Pt. is a 71 year old male who went into V-fib, passed out, and went into cardiac arrest. Shocked twice, epi and atropine given, CPR 10 minutes, then into A-fib. He was brought to the hospital to the ICU where he was on a ventilator, Foley catheter, two arterial lines with 6 IVs running (mostly pressors, heparin, analgesics), unresponsive/unconscious, reddened/opened area on back of head from fall, cool blankets to slow brain waves, ulcers on lower extremities, two skin tears on rt. arm/lt. leg. Hx of Diabetes, smoking, CAD, peripheral neuropathy, anemia, non-st elevation MI, end-stage renal failure, PAD, Obesity, sleep apnea, pulmonary edema.

Thank you for your time! I look forward to hearing from all of you! Take care!

Specializes in Oncology.

I'm going to go ahead and say that I think most posters here are more willing to help if you put some of your ideas out there than to simply "do your homework" for you.

TBH, five diagnoses stick out to me already and I haven't thought about it for more than 30 seconds based on your report. Think about what your assessment is showing and how the nurse could independently resolve those issues. For some more help:

What are common risks associated with being on a ventilator?

What are risks (or in your patient's case, already present) for being on bed rest?

Honestly, I don't see how you are having trouble with this, your patient has a plethora of diagnoses. I could easily give them to you, but I think it's important for you to think it through yourself.

Specializes in Oncology.

To add to this, I think I might see where you are getting caught up in the medical problems with this patient instead of thinking more holistically with where nursing care can come into play.
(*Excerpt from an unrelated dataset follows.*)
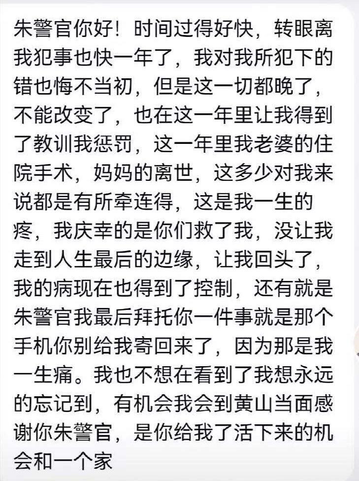 “朱警官你好!时间过得好快,转眼离我犯事也快一年了,我我所犯下的错也悔不当初,但是这一切都晚了,不能改变了,也在这一年里让我得到了教训和惩罚。这一年里我老婆的住院手术、妈妈的离世,这多少对我来说都是有所牵连的,这是我一生的疼,我庆幸的是你们救了我,没让我走到人生最后的边缘,让我回头了,我的病现在也得到了控制。还有就是朱警官,我最后拜托你一件事,就是那个手机你别给我寄回来了,因为那是我一生痛。我也不想再看到了,我想永远的忘记,有机会我会到黄山当面感谢你。朱警官,是你给我了活下来的机会和一个家。”短信是一名曾经的吸毒人员夏某某发来的, 虽然短信的文笔中错别字不少,但表达的意思明确。作为一名缉毒警察,收到这样一封特别的感谢信,朱警官由衷地为夏某某感到高兴。

Think simple. Think about what the patient is at risk for based on his current condition, and his history. I would start with what could possibly go wrong with every intervention/equipment piece and move from there.

I appreciate your opinion...I am sorry if it sounded like I was asking for all the answers. That was totally not my intention and yes you were correct that I should have put the 7 diagnoses that I already had written down. I have a total of 19 now and am finishing up so thank you for your time on responding.

Specializes in Oncology.

:) I'm glad you got so many. I looked at it and was like, "What, not even ONE based off of all that?????"